Design and Protect Device Circuitry from Inrush Current

Question

I am designing a device that will be placed between a 220VAC 50Hz power source and a 1100W 7.7A motor load. The device switches power to the load given a relay input and the motor load draws a ~20A inrush current during startup (20A LRA and 7.7A FLA).

The device is powered from the same 220VAC 50Hz source, and I want to know if it is safe / OK to design the device with connectors/cables rated for 16A? This includes a 'CEE 7/7 plug to C-13' power cable and an 'IEC Type F' power socket (which powers the load).

For reference, the motor load's power cable is manufactured with a 250VAC/16A CEE 7/7 plug, which leads me to believe that I would be fine designing my device with the 16A-rated components. I already want to place a 16A slow-blow fuse in-line with the device power...

Thanks!

Answer 1

Short answer: possible ok.

Long answer: Probably not.

If the mechanical load is such that the amp-seconds of accumulated time does not trip the breaker time profile ( fast vs slow) then the I^2R heat rise time constant should not impose a significant aging or safety issue on the wire getting too hot. Current ratings are steady state for thermal reasons.
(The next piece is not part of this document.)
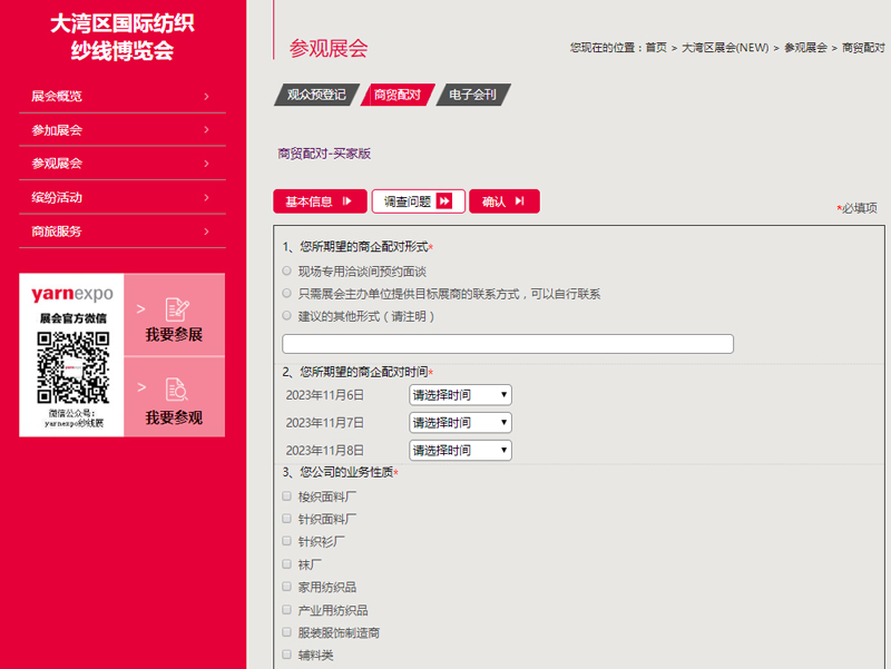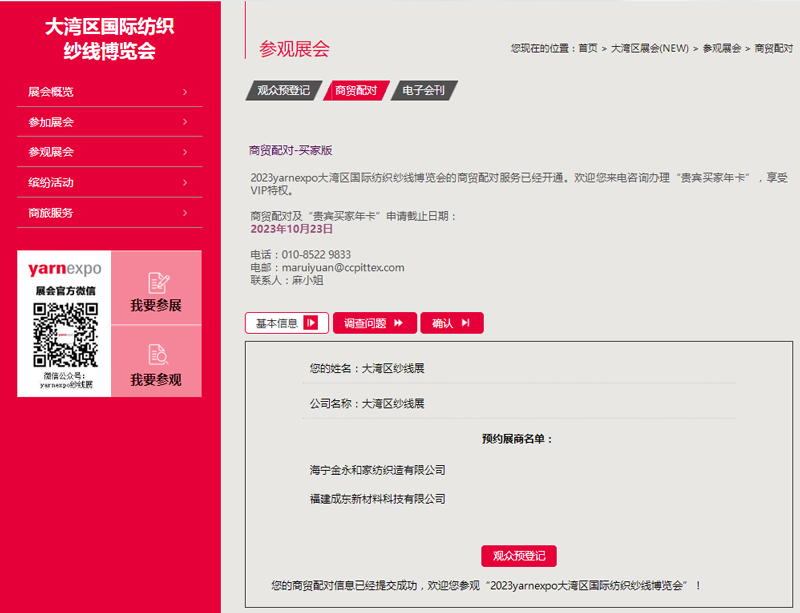 填寫(xie) 並提交您的基本信息及調查問題,主辦單位進行後台審核,將有專(zhuan) 人與(yu) 您聯係商貿預約具體(ti) 事宜。主辦谘詢電話:010-85229833。

However, if you pull the plug during startup, it will arc and wear the contacts prematurely.

Normally Relays contacts and plugs are all derated by some OEM spec for surge loads like motors and light bulbs and battery loads. This depends on the solver contact or plating material resistance. (DC is derated even more due to arc extinguishing durations are longer)

However, you might not want a 50m extension cable because although the heat loss (I^2R=Pd) is distributed the resulting V=IR (rms) drop on the cable might reduce the voltage and hence the motor starting current and torque and result in poorer performance and a bit more self heating temperature in the motor windings from extended startup times and thermal time constants from the heat velocity and mass and thermal resistance for cooling with much less air circulation at startup.

Although many AC motors are designed for reduced surge currents like yours with ratio of 20LRA/7.7FLA many varieties of induction motors are 2~8:1 and DC motors up to 10:1

Bottom Line (NOT CONFORMANT)

I believe your European Ratings are 16A resistive and 4A inductive, thus normalized to induction motors with 4:1 surge rating, you need a plug rated for 32A(resistive)/(8A inductive)

your connector contacts are undersized.

Ref

The typical European rating will distinguish between resistive and inductive load ratings. Below is an example of a typical European rating: 16(4)A 250V ~ T85 µ

In this example the 16 = resistive load amperage; (4) = inductive load amperage; A= amperage; 250V= voltage; ~ = AC; T85= Maximum operating temperature in centigrade; µ = micro-gap (<3mm) approved.

If there is less than 3mm of air space between a switch's contacts in the open position, a micro-gap approval (µ) may be granted. This mark indicates that the switch has general application approval with a qualifier that another device, such as a cord and plug, must provide an alternate means of disconnection from the main power source. < end quote >

Answer 2

From what I have been able to research and find, it is enough to design a circuit with 1.3x the full-load amperage (FLA) of a motor. Therefore, 1.3 * 7.7 = 10.01A, so designing circuitry with components rated to 16A should be safe enough.

LRA can be anywhere from 5-8x the FLA with a short-enough duration not to trip a thermal breaker, which is suggested (and I am planning) to include - therefore, the 16A slow-fuse should suffice.